* _SUPPLIED DATA_
──────────────────────────────

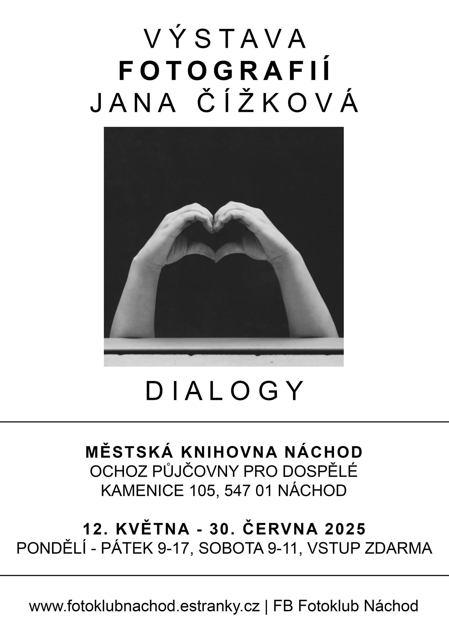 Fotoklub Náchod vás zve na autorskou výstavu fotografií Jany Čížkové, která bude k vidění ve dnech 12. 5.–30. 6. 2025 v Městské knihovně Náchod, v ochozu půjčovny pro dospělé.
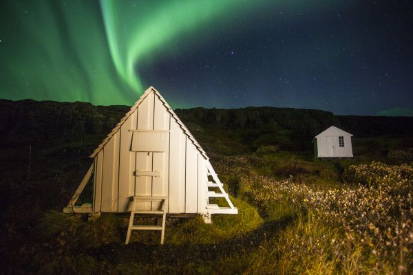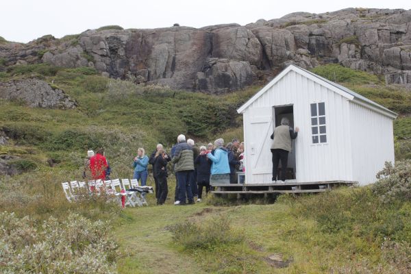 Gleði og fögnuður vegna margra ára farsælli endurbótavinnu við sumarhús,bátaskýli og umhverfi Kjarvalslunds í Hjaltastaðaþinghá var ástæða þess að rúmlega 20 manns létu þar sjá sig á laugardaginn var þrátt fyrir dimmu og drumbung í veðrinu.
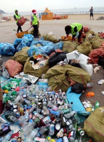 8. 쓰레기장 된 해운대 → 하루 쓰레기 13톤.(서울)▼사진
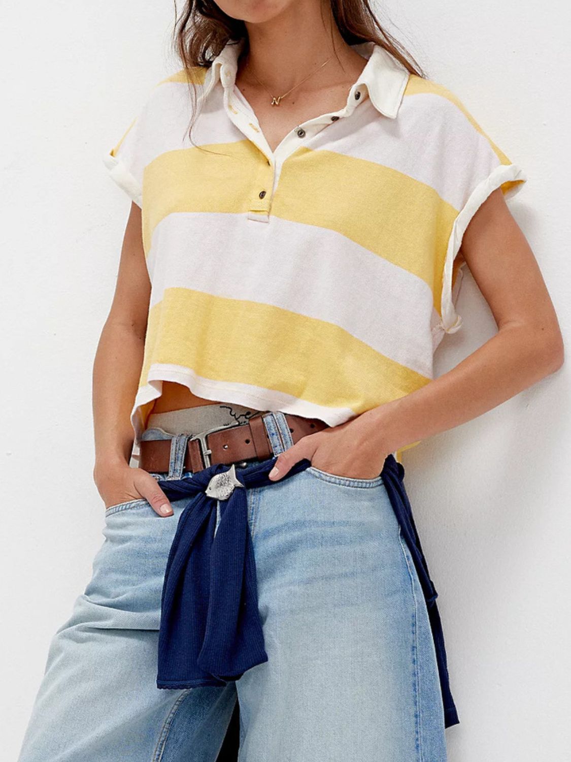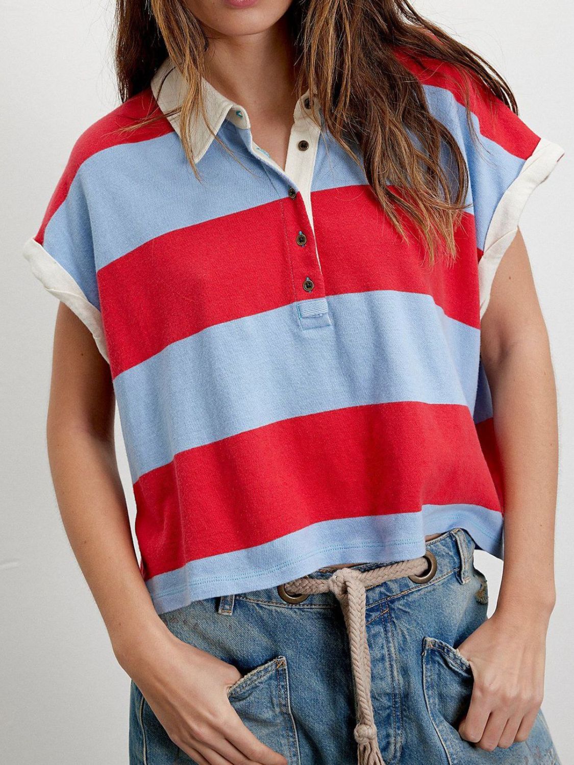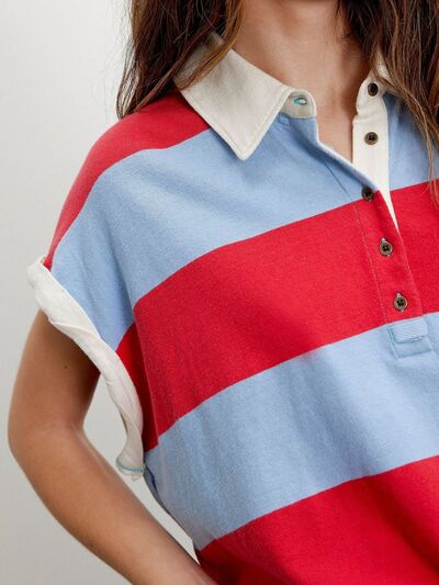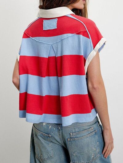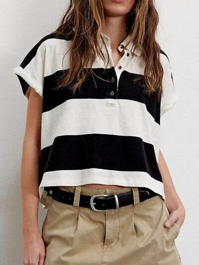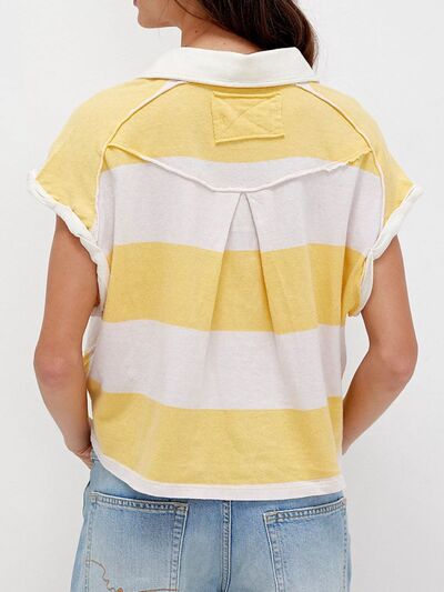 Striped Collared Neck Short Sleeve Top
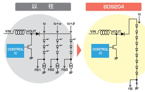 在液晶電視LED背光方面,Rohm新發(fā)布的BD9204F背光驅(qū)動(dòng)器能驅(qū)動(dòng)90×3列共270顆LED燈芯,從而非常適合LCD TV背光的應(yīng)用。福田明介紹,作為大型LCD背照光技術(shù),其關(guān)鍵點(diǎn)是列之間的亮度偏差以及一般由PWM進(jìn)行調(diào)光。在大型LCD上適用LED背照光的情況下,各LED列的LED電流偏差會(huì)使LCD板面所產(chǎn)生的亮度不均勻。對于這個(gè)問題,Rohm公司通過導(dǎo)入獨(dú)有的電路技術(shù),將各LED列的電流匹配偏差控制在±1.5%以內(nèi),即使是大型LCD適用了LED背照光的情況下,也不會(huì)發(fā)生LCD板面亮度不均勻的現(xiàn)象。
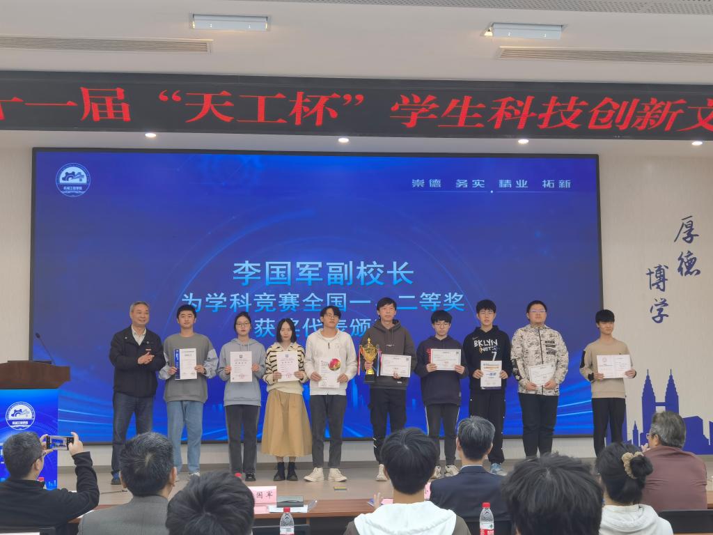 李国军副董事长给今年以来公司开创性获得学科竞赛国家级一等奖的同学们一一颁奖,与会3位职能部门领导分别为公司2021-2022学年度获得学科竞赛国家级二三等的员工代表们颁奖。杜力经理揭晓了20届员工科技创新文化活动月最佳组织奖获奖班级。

──────────────────────────────

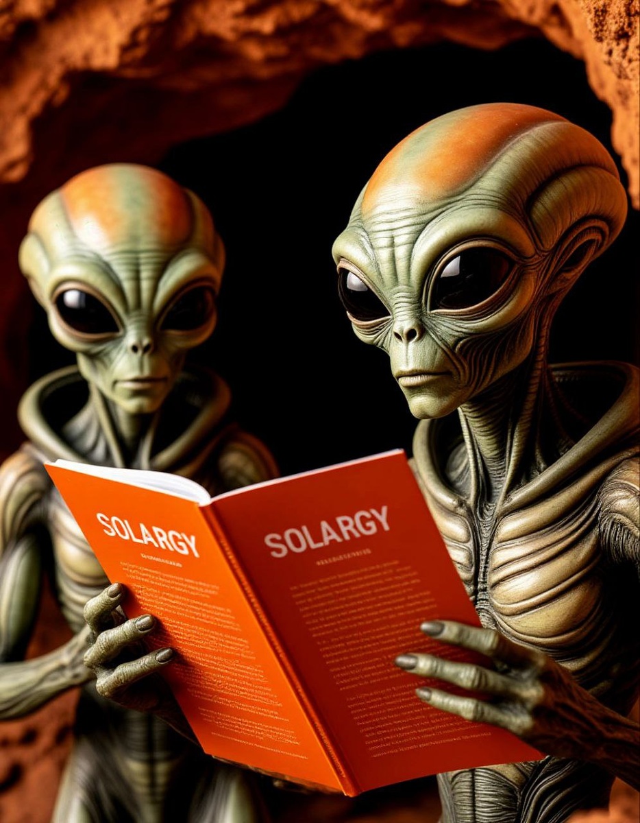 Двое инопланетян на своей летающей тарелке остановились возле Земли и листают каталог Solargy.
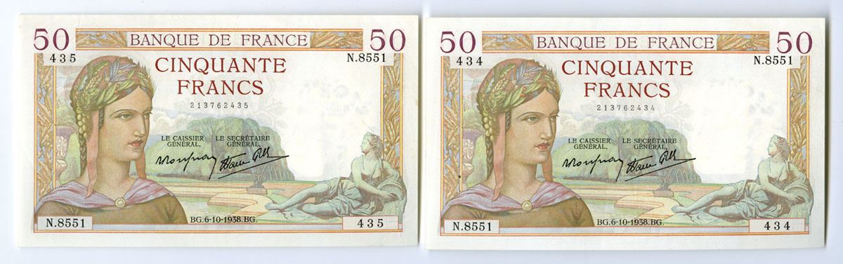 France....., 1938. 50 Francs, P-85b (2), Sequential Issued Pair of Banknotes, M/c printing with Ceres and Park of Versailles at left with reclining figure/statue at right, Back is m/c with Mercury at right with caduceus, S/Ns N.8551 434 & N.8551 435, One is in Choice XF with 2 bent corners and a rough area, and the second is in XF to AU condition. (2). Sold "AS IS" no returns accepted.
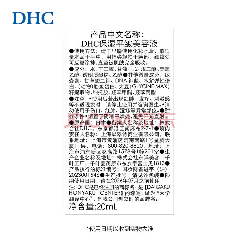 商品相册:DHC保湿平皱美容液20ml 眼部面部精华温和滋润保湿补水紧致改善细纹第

──────────────────────────────

* _ASSIGNMENT_
From the records above, transcribe only the stretch from the line with "Двое инопланетян на" through the line with "商品相册:DHC保湿平皱美容", keeping both ends. Omit pictures.

* _TASK ANSWER_
 Двое инопланетян на своей летающей тарелке остановились возле Земли и листают каталог Solargy.
 France....., 1938. 50 Francs, P-85b (2), Sequential Issued Pair of Banknotes, M/c printing with Ceres and Park of Versailles at left with reclining figure/statue at right, Back is m/c with Mercury at right with caduceus, S/Ns N.8551 434 & N.8551 435, One is in Choice XF with 2 bent corners and a rough area, and the second is in XF to AU condition. (2). Sold "AS IS" no returns accepted.
 商品相册:DHC保湿平皱美容液20ml 眼部面部精华温和滋润保湿补水紧致改善细纹第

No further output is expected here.